### RECORDS FOR THE EXERCISE:
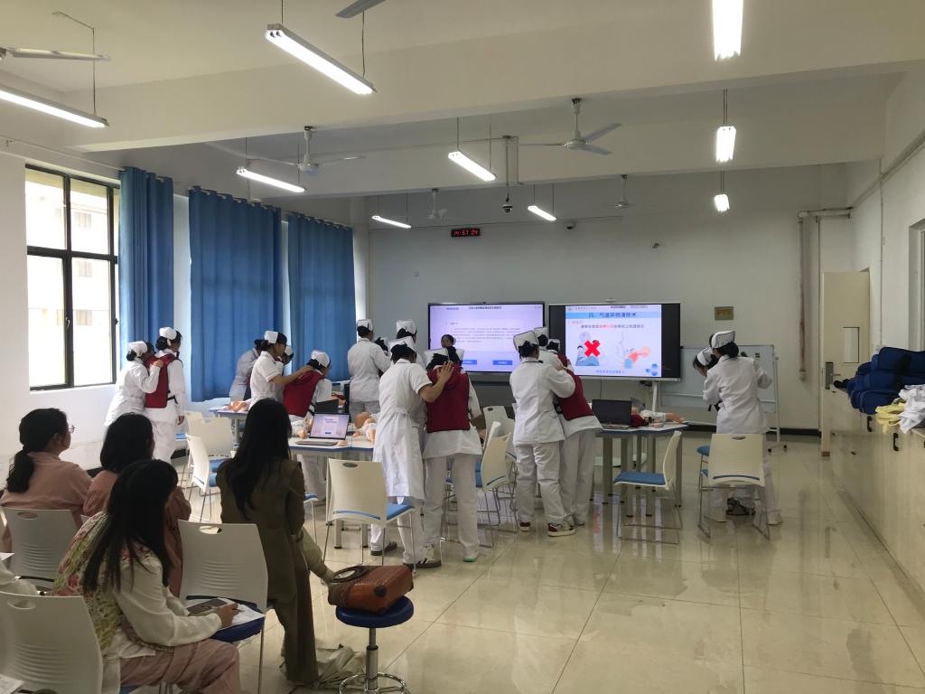 本次开放式观摩教学由护理教研室曾秀荣老师和智慧健康养老服务与管理教研室杨艳霞老师主讲,讲授内容分别为《气道异物梗阻》和《认知功能障碍评估》。两位老师对教学实施的每个环节都进行精心设计,融入了课程思政元素与虚拟仿真技术,实现了“理论课+实践课+虚仿课”的教学新模式,强化了虚拟现实情景体验,使学生在短时间内进入相应情境,真实体验在现实生活中操作的感觉,营造了强烈的教学互动氛围。
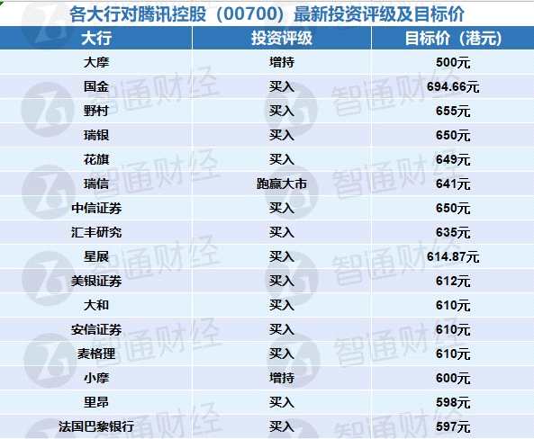 大行:騰訊控股最新投資評(píng)級(jí)及目標(biāo)價(jià)(表)
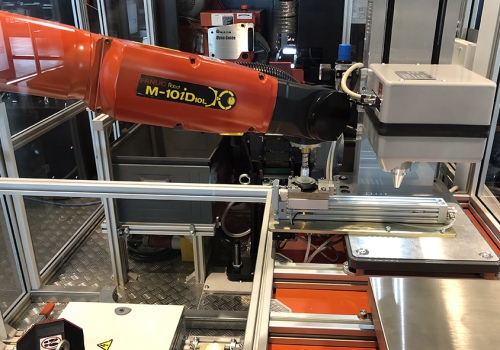 Промышленный робот в составе робототехнического комплекса обеспечивает выгрузку нарезного станка, с последующим контрольным взвешиванием и маркировкой изделий.
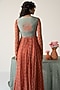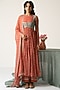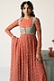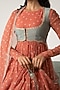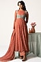 Baise Gaba features a pastel orange anarkali in chiffon base with bandhej motifs. It is paired with a pastel green muslin koti having mirror scalloped embroidery, including cotton modal straight pants and a chiffon dupatta. Accentuate it with polki earrings and block heels for festive soirees or pooja ceremony.
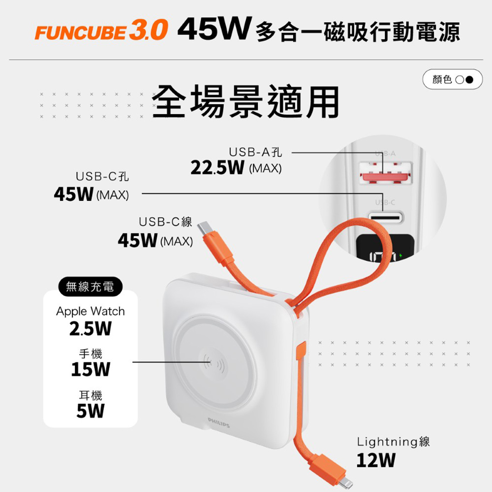 【PHILIPS飛利浦】 FunCube3.0系列 45W多合一磁吸行動電源15000mAh(DLP4351C)-黑色
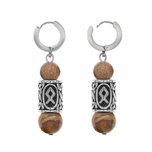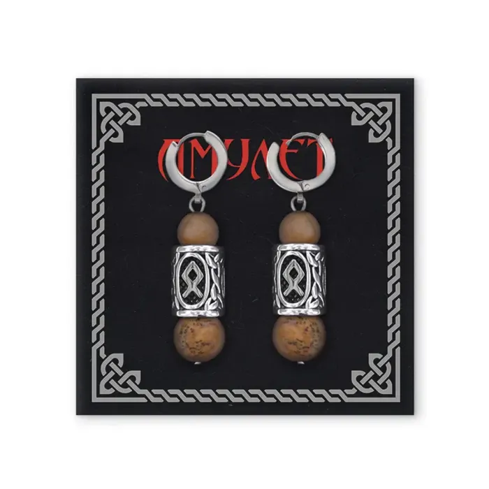 Серьги-амулеты с руной из нержавеющей стали Одал, Яшма песочная SERX01-24
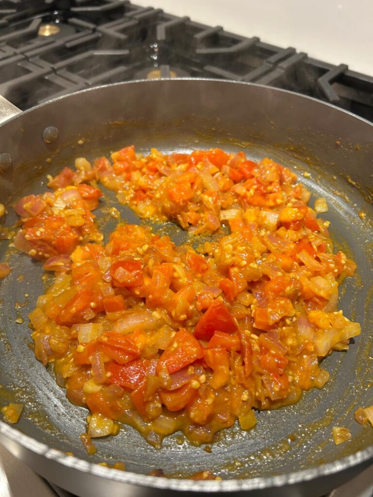 - Cook until the tomatoes have broken down and softened which will take around 15 minutes.
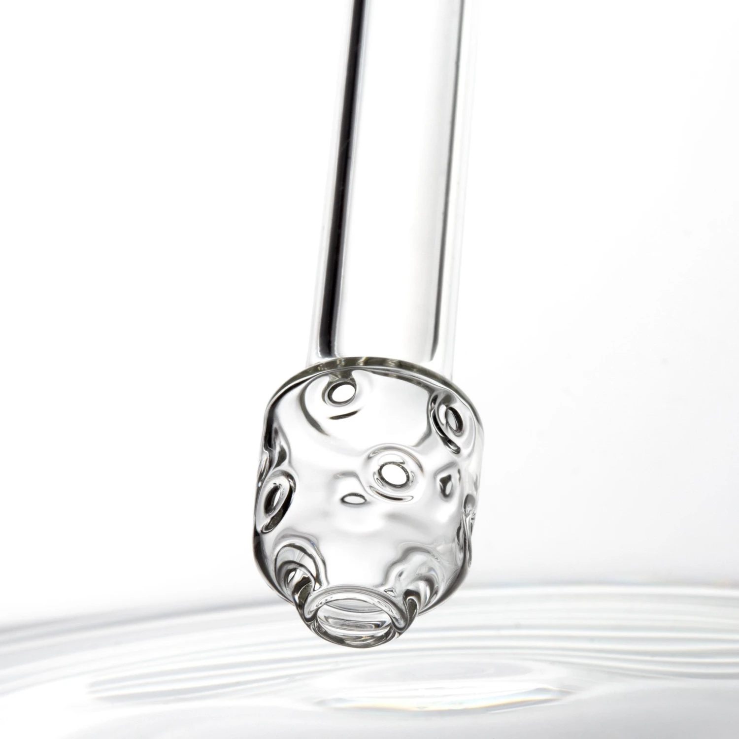 The Bell Perc resembles a combination of the circ and matrix percs. The difference is that the bell perc has holes that direct the bubbles and water upwards to the next perc so that the water stays dynamic and moves through each chamber aggressively filtering your hit. The additional ice-catch helps reduce splash and allows you to cool down your bong rips as well.

### WHAT YOU SHOULD DO:
Type out each line of the records above exactly, skipping any pictures.

### WORKED SOLUTION:
 本次开放式观摩教学由护理教研室曾秀荣老师和智慧健康养老服务与管理教研室杨艳霞老师主讲,讲授内容分别为《气道异物梗阻》和《认知功能障碍评估》。两位老师对教学实施的每个环节都进行精心设计,融入了课程思政元素与虚拟仿真技术,实现了“理论课+实践课+虚仿课”的教学新模式,强化了虚拟现实情景体验,使学生在短时间内进入相应情境,真实体验在现实生活中操作的感觉,营造了强烈的教学互动氛围。
 大行:騰訊控股最新投資評(píng)級(jí)及目標(biāo)價(jià)(表)
 Промышленный робот в составе робототехнического комплекса обеспечивает выгрузку нарезного станка, с последующим контрольным взвешиванием и маркировкой изделий.
 Baise Gaba features a pastel orange anarkali in chiffon base with bandhej motifs. It is paired with a pastel green muslin koti having mirror scalloped embroidery, including cotton modal straight pants and a chiffon dupatta. Accentuate it with polki earrings and block heels for festive soirees or pooja ceremony.
 【PHILIPS飛利浦】 FunCube3.0系列 45W多合一磁吸行動電源15000mAh(DLP4351C)-黑色
 Серьги-амулеты с руной из нержавеющей стали Одал, Яшма песочная SERX01-24
 - Cook until the tomatoes have broken down and softened which will take around 15 minutes.
 The Bell Perc resembles a combination of the circ and matrix percs. The difference is that the bell perc has holes that direct the bubbles and water upwards to the next perc so that the water stays dynamic and moves through each chamber aggressively filtering your hit. The additional ice-catch helps reduce splash and allows you to cool down your bong rips as well.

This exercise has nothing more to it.